(Task details): Transcribe the listing in full, excluding any pictures.

(Information supplied):

^^^^

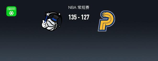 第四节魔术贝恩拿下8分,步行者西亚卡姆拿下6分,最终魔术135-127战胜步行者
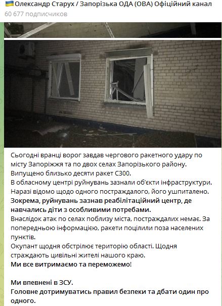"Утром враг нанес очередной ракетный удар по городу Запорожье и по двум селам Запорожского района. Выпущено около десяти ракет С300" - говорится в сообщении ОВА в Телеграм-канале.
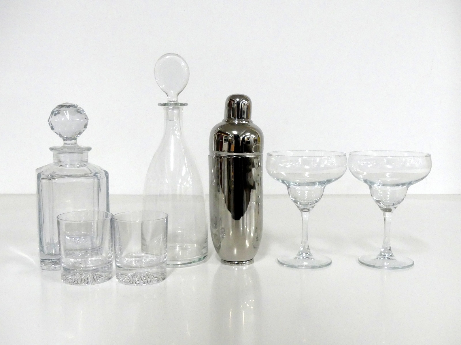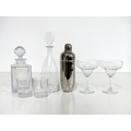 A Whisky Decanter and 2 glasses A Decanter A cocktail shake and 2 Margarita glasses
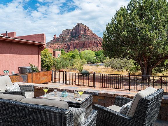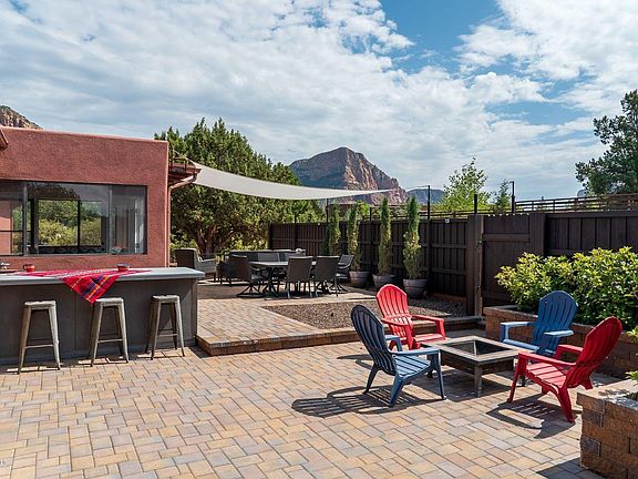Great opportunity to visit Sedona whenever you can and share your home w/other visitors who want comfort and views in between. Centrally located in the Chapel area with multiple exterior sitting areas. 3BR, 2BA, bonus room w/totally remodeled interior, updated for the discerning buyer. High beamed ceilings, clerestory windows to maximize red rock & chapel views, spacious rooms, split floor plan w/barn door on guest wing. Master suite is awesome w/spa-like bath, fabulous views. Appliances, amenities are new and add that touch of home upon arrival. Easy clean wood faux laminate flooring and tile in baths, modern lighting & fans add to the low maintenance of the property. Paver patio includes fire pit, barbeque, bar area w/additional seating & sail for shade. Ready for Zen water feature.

^^^^

(Answer space):
 第四节魔术贝恩拿下8分,步行者西亚卡姆拿下6分,最终魔术135-127战胜步行者
"Утром враг нанес очередной ракетный удар по городу Запорожье и по двум селам Запорожского района. Выпущено около десяти ракет С300" - говорится в сообщении ОВА в Телеграм-канале.
 A Whisky Decanter and 2 glasses A Decanter A cocktail shake and 2 Margarita glasses
Great opportunity to visit Sedona whenever you can and share your home w/other visitors who want comfort and views in between. Centrally located in the Chapel area with multiple exterior sitting areas. 3BR, 2BA, bonus room w/totally remodeled interior, updated for the discerning buyer. High beamed ceilings, clerestory windows to maximize red rock & chapel views, spacious rooms, split floor plan w/barn door on guest wing. Master suite is awesome w/spa-like bath, fabulous views. Appliances, amenities are new and add that touch of home upon arrival. Easy clean wood faux laminate flooring and tile in baths, modern lighting & fans add to the low maintenance of the property. Paver patio includes fire pit, barbeque, bar area w/additional seating & sail for shade. Ready for Zen water feature.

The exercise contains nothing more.